■ PROBLEM DESCRIPTION ■
Nothing but the lines from the one containing "A Beautiful and" through the end of the data should be retyped, exactly as they stand, and pictures should not be retyped.

■ AVAILABLE DATA ■
****
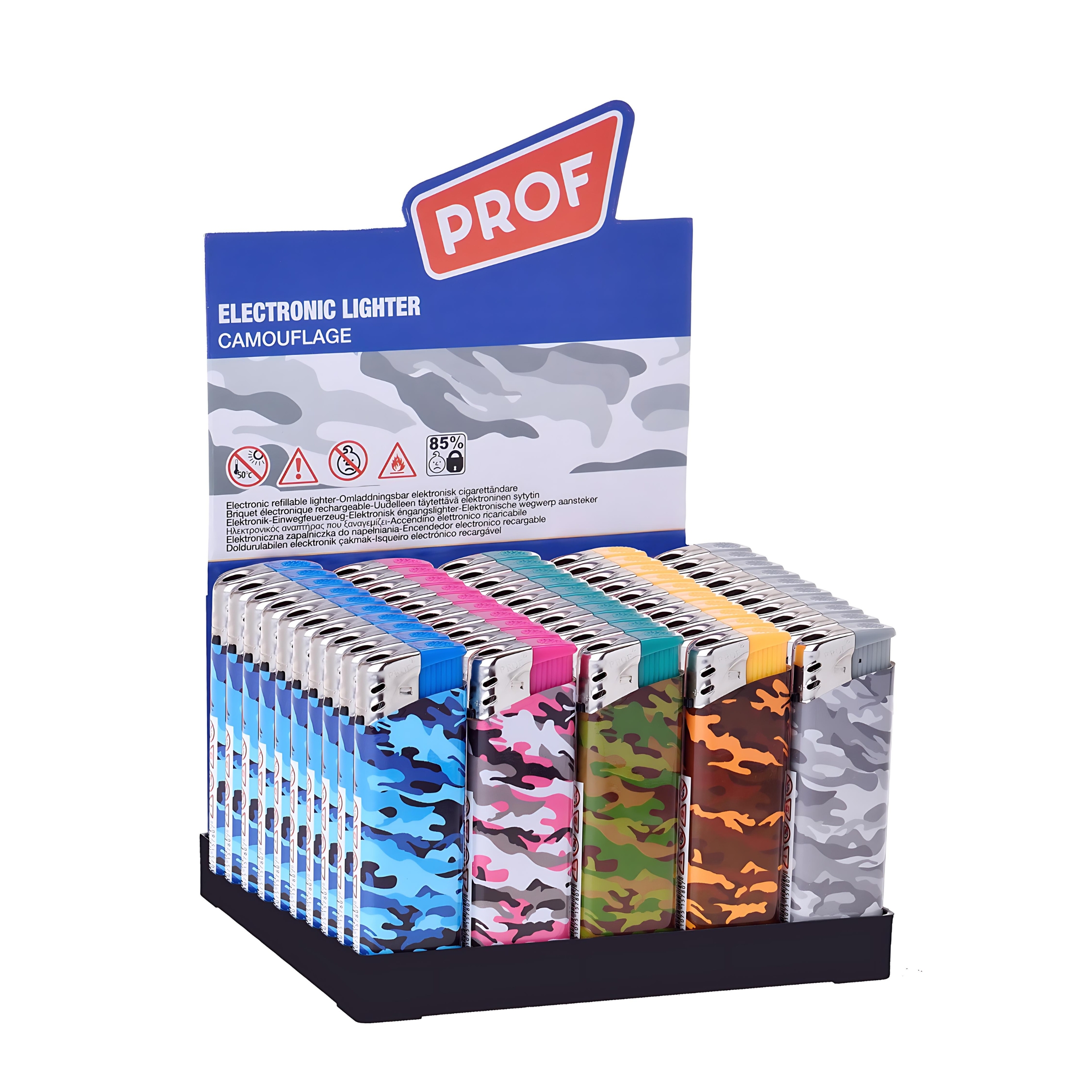 Gli accendini PROF Camouflage combinano funzionalità e design moderno, offrendo un prodotto di alta qualità ideale per uso personale o per la vendita al dettaglio. Con la loro confezione pratica e i motivi camouflage, questi accendini sono un'ottima scelta per chi cerca un accessorio pratico e stiloso.
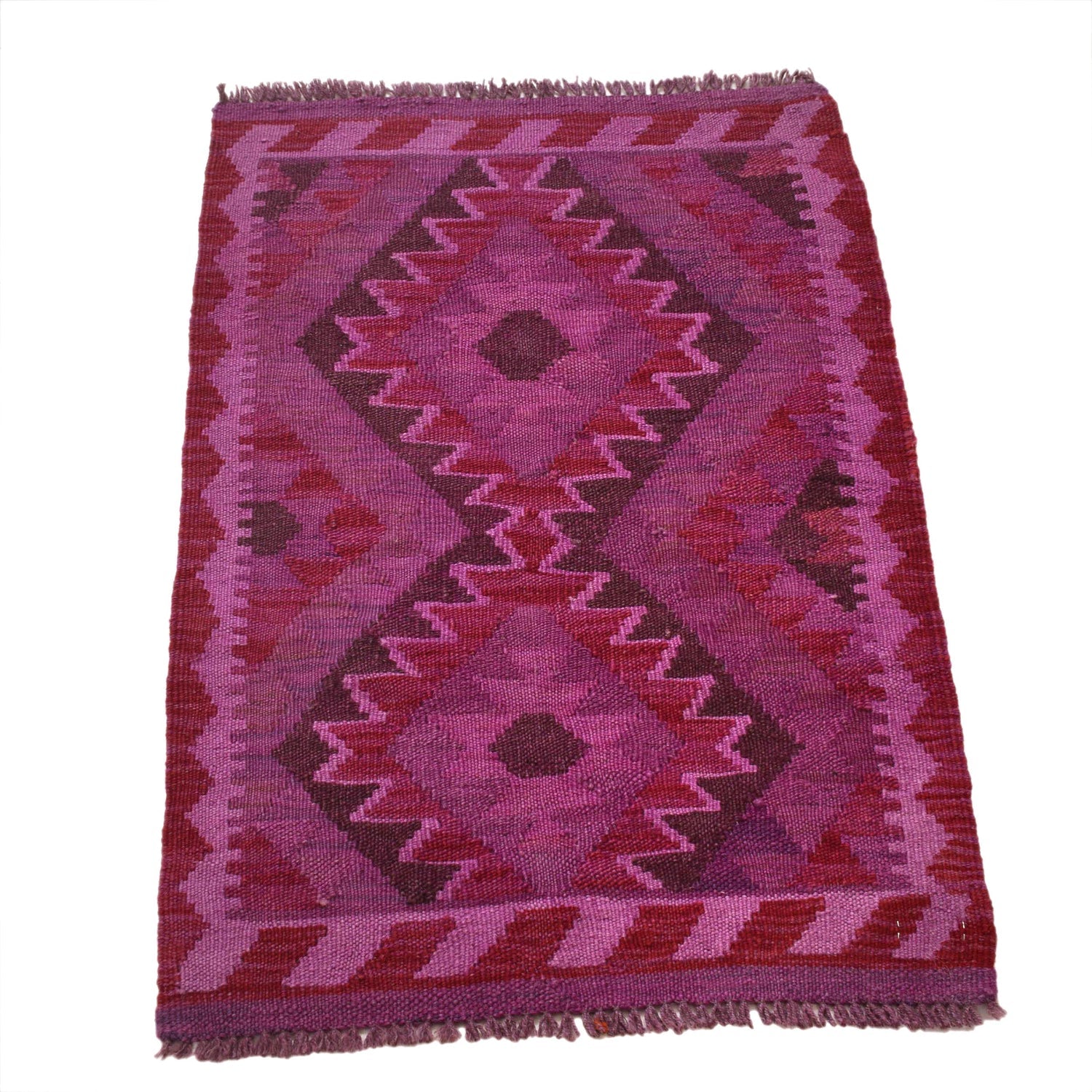 A Beautiful and versatile Oriental rug to decorate your home. This Overdyed Vegetable Kilim rug is durable and a good investment. It is in perfect condition. The traditional hand-knotted rug is made up of 100% Wool, and measures 1' 10" x 2' 9". It is a rectangle shape rug. The primary color is purple. The collection has the variety of Overdyed Vegetable Kilim carpets and runners. It is currently in stock. Available in geometric pattern and floral design. Free delivery from 4-6 business days.
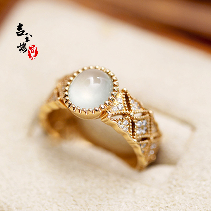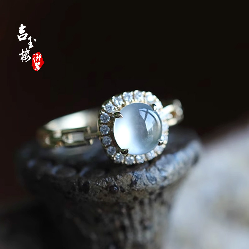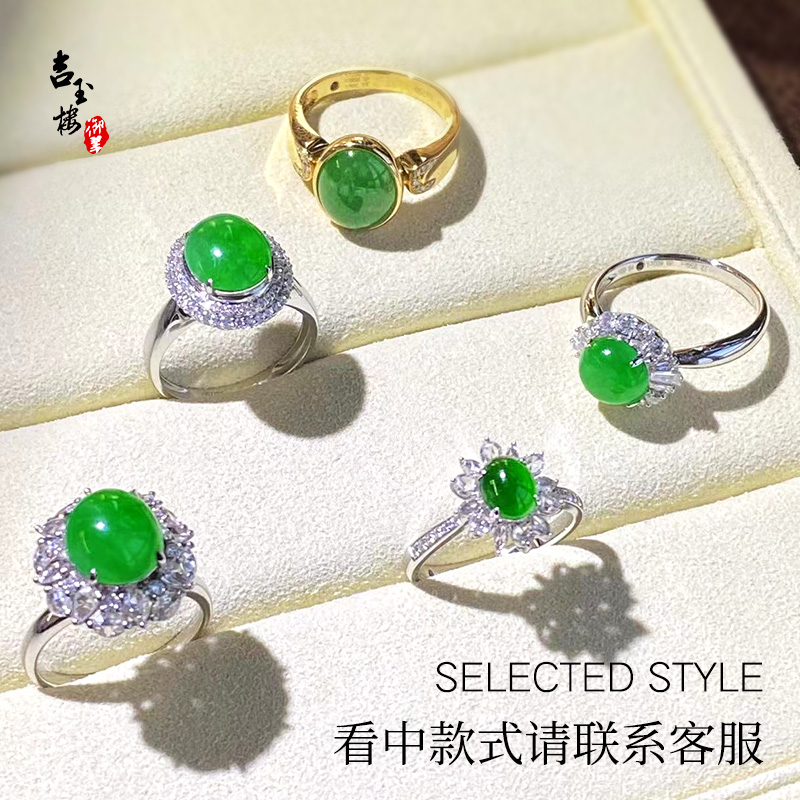 吉玉楼御翠缅甸A货冰种翡翠戒指18K金镶嵌天然玉石蛋面女戒指成品
****
■ EXERCISE RESPONSE ■
 A Beautiful and versatile Oriental rug to decorate your home. This Overdyed Vegetable Kilim rug is durable and a good investment. It is in perfect condition. The traditional hand-knotted rug is made up of 100% Wool, and measures 1' 10" x 2' 9". It is a rectangle shape rug. The primary color is purple. The collection has the variety of Overdyed Vegetable Kilim carpets and runners. It is currently in stock. Available in geometric pattern and floral design. Free delivery from 4-6 business days.
 吉玉楼御翠缅甸A货冰种翡翠戒指18K金镶嵌天然玉石蛋面女戒指成品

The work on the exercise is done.